Now, we have set up our object to generate images of size (128, 128) that will put the left eye at the pixel position (32, 31) and the right eye at the position (32, 96). Afterwards, this object is used to geometrically normalize the face, given the eye positions in the original face image. Note that the left eye usually has a higher x-coordinate than the right eye:

>>> face_image = bob.io.base.load( image_path )
>>> cropped_image = numpy.ndarray( (128, 128), dtype = numpy.float64 )
>>> face_eyes_norm( face_image, cropped_image, right_eye = (66, 47), left_eye = (62, 70) )

Now, let’s have a look at the original and normalized face:

import numpy
import math
import bob.io.base
import bob.ip.base
from bob.io.base.test_utils import datafile

# load a test image
face_image = bob.io.base.load(datafile('image_r10.hdf5', 'bob.ip.base', 'data/affine'))

# create FaceEyesNorm class
face_eyes_norm = bob.ip.base.FaceEyesNorm(eyes_distance = 65, crop_size = (128, 128), eyes_center = (32, 63.5))

# normalize image
normalized_image = face_eyes_norm( face_image, right_eye = (66, 47), left_eye = (62, 70) )

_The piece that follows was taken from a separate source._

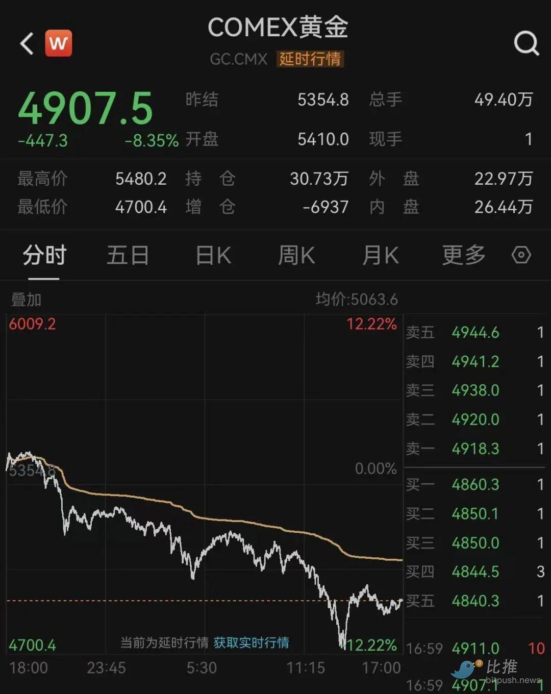 强制性平仓: 白银市场因其高杠杆属性,在价格跌破关键支撑位后引发了大规模的程序化止损。根据估算,周五金银市场的市值缩水高达7.4万亿美元,这种规模的抛售已演变为“流动性收缩”,投资者不得不通过卖出流动性最好的金银来补充其他资产的保证金。

# plot results, including eye locations in original and normalized image
from matplotlib import pyplot
pyplot.figure(figsize=(8,4))
pyplot.subplot(121) ; pyplot.imshow(face_image, cmap='gray')       ; pyplot.plot([47, 70], [66, 62], 'rx', ms=10, mew=2); pyplot.axis('tight'); pyplot.title('Original Image')
pyplot.subplot(122) ; pyplot.imshow(normalized_image, cmap='gray') ; pyplot.plot([31, 96], [32, 32], 'rx', ms=10, mew=2); pyplot.axis('tight'); pyplot.title('Cropped Image')
pyplot.show()

(Source code, png, hires.png, pdf)

_images/face_eyes_norm.png

Simple feature extraction

Some simple feature extraction functionality is also included in the bob.ip.base module. Here is some simple example, how to extract local binary patterns (LBP) with 8 neighbors from an image:

>>> lbp_extractor = bob.ip.base.LBP(8)

You can either get the LBP feature for a single point by specifying the position:

>>> lbp_local = lbp_extractor ( cropped_image, (69, 62) )
>>> # print the binary representation of the LBP
>>> print(bin ( lbp_local ))
0b1111000

or you can extract the LBP features for all pixels in the image. In this case you need to get the required shape of the output image using the bob.ip.base.LBP feature extractor:

>>> lbp_output_image_shape = lbp_extractor.lbp_shape(cropped_image)
>>> print(lbp_output_image_shape)
(126, 126)
>>> lbp_output_image = numpy.ndarray ( lbp_output_image_shape, dtype = numpy.uint16 )
>>> lbp_extractor ( cropped_image,  lbp_output_image )
>>> # print the binary representation of the pixel at the same location as above;
>>> # note that the index is shifted by 1 since the lbp image is smaller than the original
>>> print(bin ( lbp_output_image [ 68, 61 ] ))
0b1111000

LBP-TOP extraction

LBP-TOP [Zhao2007] extraction for temporal texture analysis.

>>> import bob.ip.base
>>> import numpy
>>> numpy.random.seed(10)
>>> #Defining the lbp operator for each plane
>>> lbp_xy = bob.ip.base.LBP(8,1)
>>> lbp_xt = bob.ip.base.LBP(8,1)
>>> lbp_yt = bob.ip.base.LBP(8,1)
>>> lbptop = bob.ip.base.LBPTop(lbp_xy, lbp_xt, lbp_yt)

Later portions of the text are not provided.